Top of Extracted data
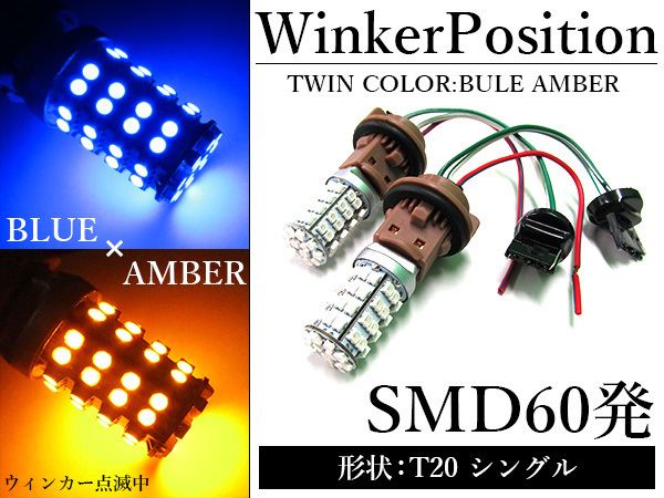 - SMD60発 T20 シングル ブルー⇔アンバー 青/橙 ダブル球 LEDウィンカーポジションキット ソケットタイプ ツインカラー
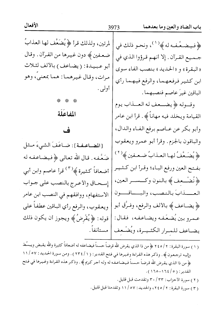 (1) سورة البقرة: 2/ 245 مَنْ ذَا الَّذِي يُقْرِضُ اللّاهَ قَرْضاً حَسَناً فَيُضااعِفَهُ لَهُ أَضْعاافاً كَثِيرَةً وَاللّاهُ يَقْبِضُ وَيَبْصُطُ وَإِلَيْهِ تُرْجَعُونَ. وذكر هذه القراءة وغيرها في فتح القدير: (1/ 234). ومن سورة الحديد: 57/ 11 مَنْ ذَا الَّذِي يُقْرِضُ اللّاهَ قَرْضاً حَسَناً فَيُضااعِفَهُ لَهُ وَلَهُ أَجْرٌ كَرِيمٌ. وذكر هذه القراءة وغيرها في فتح القدير: (5/ 164 - 165).
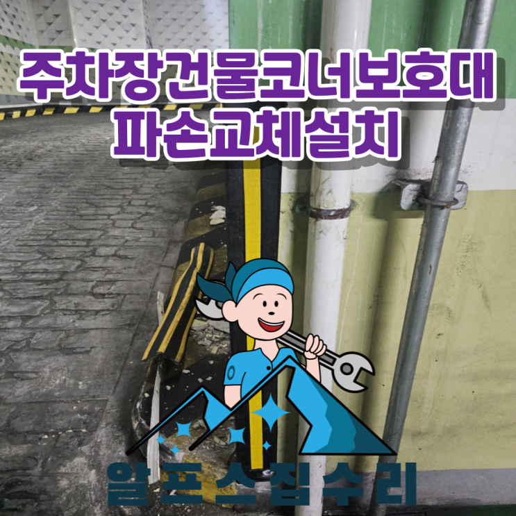 내집처럼 깔끔하게 알프스처럼 시원하게 집수리 전문가 알프스집수리입니다. 주차장건물 코너 보호대 파손...
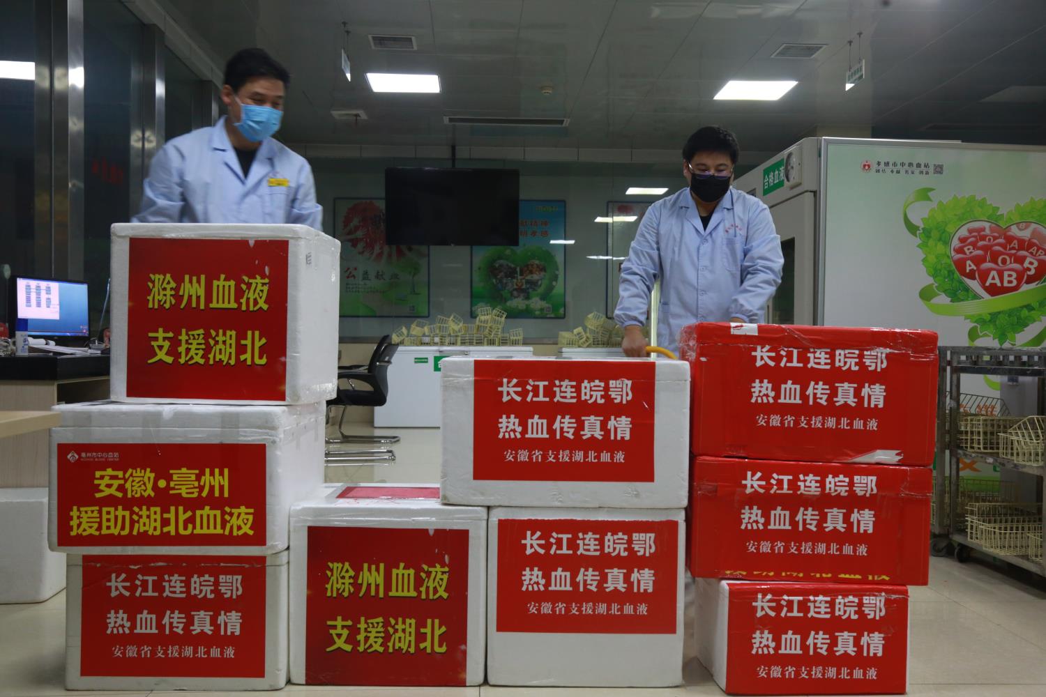 当晚19点40分,孝感市中心血站前往黄冈市中心血站负责接收的两辆送血车安全回孝。孝感市中心血站供血科工作人员连夜对调入的16万毫升血液进行逐袋核对,并分类入库。(见下图)
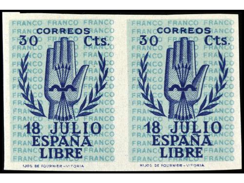 ** ESPAÑA. Ed. 853s (2). 30 cts. azul sobre azul claro. Pareja SIN DENTAR, LETRAS DEL FONDO DESPLAZADAS y un sello pie de imprenta "NOS". RARO. Cat. +660€.
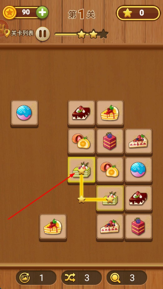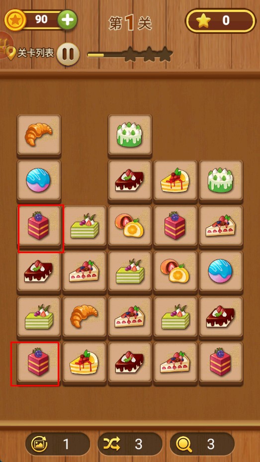 2、寻找相同图案的方块,点击选取,再点击另一相同方块,实现连线消除。
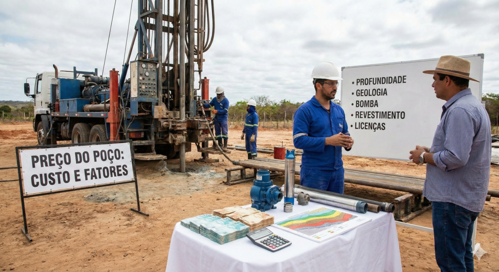 - Poços médios (50 a 150 metros): faixa mais comum no Brasil, com bom equilíbrio entre custo e resultado
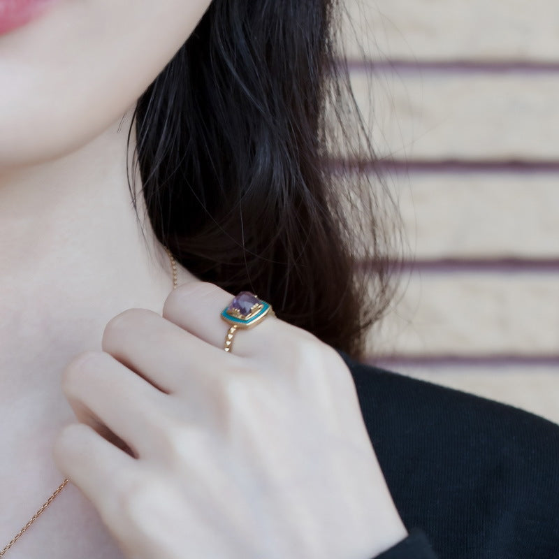 S925 Sterling Silver Jewelry Ring Natural Amethyst Gemstone Enamel Square Style Rings
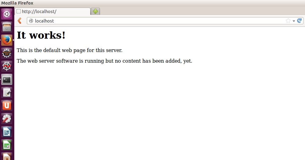 - Abra o Firefox e digite: localhost, você deve obter o site rodando no seu servidor web como na figura abaixo
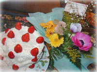 2002/02/10(Sun)(o^v^o)エヘヘ ![]() ヾ(@⌒▽⌒@)ノ彼からの一足早い誕生日プレゼントのブーケと 2人で一緒に作った誕生日ケーキですぅ♪(〃∇〃)テレッ☆ 早起きした彼が家に着く直前に佐○急便でブーケが届きました♪ ブーケ…って言うか、アレンジ・フラワー?(^^ゞ 白いタワシのような素材で出来た『うさぎちゃん』が2匹いたり ピンクと白と紫のアネモネ&黄色いガーベラが早春なのです♪ お花の包装(繊細な籠のような覆いがされてた)を解いて 一休みしたあとで、お買い物にGO☆彡 『2人で誕生日ケーキを作ろうね』って・・・(^^ゞ で、小さめの苺と生クリームと・・・もこもこ..(((o≧∇≦)o スポンジは『もこもこ』にしちゃってみようと言う事で・・(爆) 折しも『Valentine直前の連休』と言う事で 製菓材料はふんだんな品揃えヽ(・ω・)ノ この点は「ValentineがBirthday」って便利だよぉ♪(笑) でも・・・売れ行きも想像以上!! 『もこもこ』なんてラスト1個だったもんね。。 まぁ、既成のスポンジも沢山売ってたけど、 例え「電子レンジでチン☆」のもこもこでも 手作りOKってね♪ で、お買い物の帰りに、夕食を・・・ 一足早い『Valentine』&『Birthday』のぢなーって事で ステーキヽ(*・ω・)人(・ω・*)ノ ちょっと贅沢しちゃってみました♪(*^^*ゞ 車だったし、彼=呑めないからワインで乾杯・・は無し(≧ω≦) 帰って来てから、夜にケーキ作りスタート☆彡 『もこもこ』は すっごーーーく楽チンで簡単だったでし! もう少しシットリ…の方が好みかも・・なんだけど (ウチの電子レンジのパワーが強かったのかも・・(謎)) まぁ、この手軽さを考えたら合格だよね!! ケーキ作りで一番大変なのがスポンジだもぉ。。(;^_^A もこもこスポンジが冷える間に、 生クリームを泡立てて=彼が担当(但し 電動…でし♪) 苺を選んだり切ったり=あっこ担当 生クリームが頑張っちゃって、ちょっと立て過ぎちゃったよ。 8分立て・・越えて、限りなく10分立てに近づいちゃった(^^ゞ さて・・・いよいよ飾り付け☆彡 ふわふわスポンジに対して、固めの生クリームを塗るのが大変! 2人でギャーギャーヾ(≧∇≦)〃キャーキャー!! 彼ったら、あっこが必死にしてるのを見て、 「自分の誕生日ケーキなのに・・・」とか 「この事を どんな風に日記に書くのかなぁ」って 笑い出しちゃうし・・・ε=(>ε<)プッー! で、どうにかこうにか出来あがったのが↑の写真です♪(^^ゞ 大成功!!<( ̄^ ̄)> ・・とは言えない出来だったけど でも、とっても楽しくて幸せなケーキでした♪ きっと一生忘れないケーキ作りになるんだろうね♪♪ 毎年 一緒に作って行けたら良いなぁ。。って思うよ(〃∇〃) |
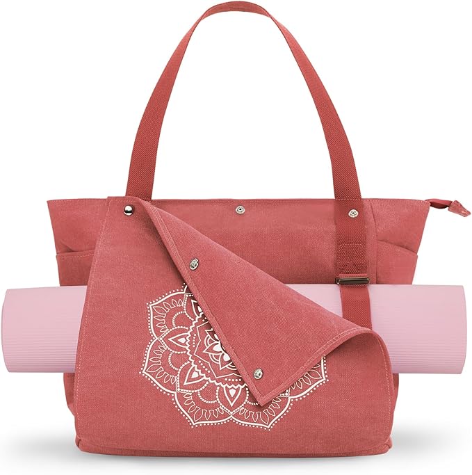 • Patent Pending. Quick & Easy Storage Design: The front of the tote yoga bag can unfold, making it easy to store your yoga mat. There's no need to worry about fitting it in, and it won't take up any space inside the tote. The use of buttons and straps allows for quick storage and ensures the yoga mat stays securely without falling out
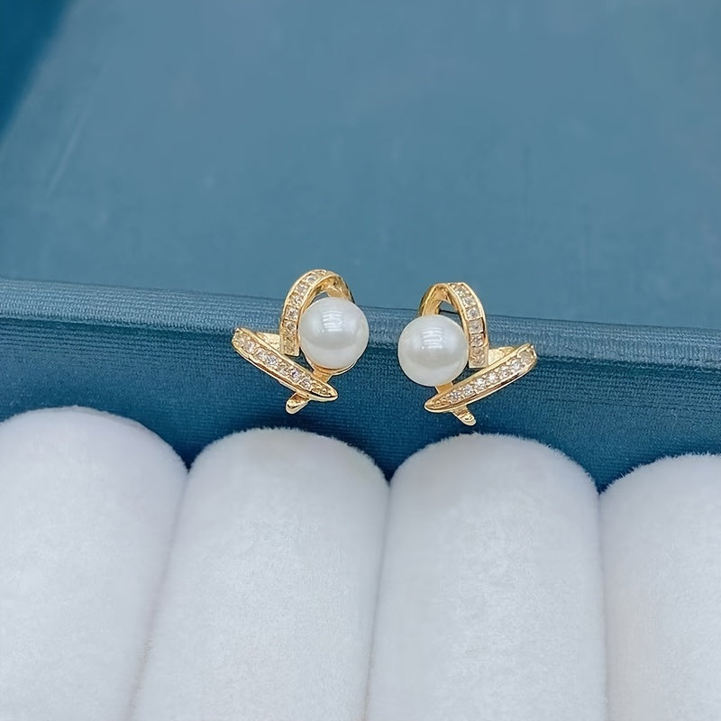 These elegant stud earrings feature love heart design with faux pearls, adding a touch of sophistication to any outfit. Perfect as a gift for a loved one or yourself.
Bottom of Extracted data
— Problem —
Only the lines from the start of the records to the one containing "내집처럼 깔끔하게 알프스처럼" should be repeated, exactly and with both ends kept; drop any pictures.

— Response to the exercise —
 - SMD60発 T20 シングル ブルー⇔アンバー 青/橙 ダブル球 LEDウィンカーポジションキット ソケットタイプ ツインカラー
 (1) سورة البقرة: 2/ 245 مَنْ ذَا الَّذِي يُقْرِضُ اللّاهَ قَرْضاً حَسَناً فَيُضااعِفَهُ لَهُ أَضْعاافاً كَثِيرَةً وَاللّاهُ يَقْبِضُ وَيَبْصُطُ وَإِلَيْهِ تُرْجَعُونَ. وذكر هذه القراءة وغيرها في فتح القدير: (1/ 234). ومن سورة الحديد: 57/ 11 مَنْ ذَا الَّذِي يُقْرِضُ اللّاهَ قَرْضاً حَسَناً فَيُضااعِفَهُ لَهُ وَلَهُ أَجْرٌ كَرِيمٌ. وذكر هذه القراءة وغيرها في فتح القدير: (5/ 164 - 165).
 내집처럼 깔끔하게 알프스처럼 시원하게 집수리 전문가 알프스집수리입니다. 주차장건물 코너 보호대 파손...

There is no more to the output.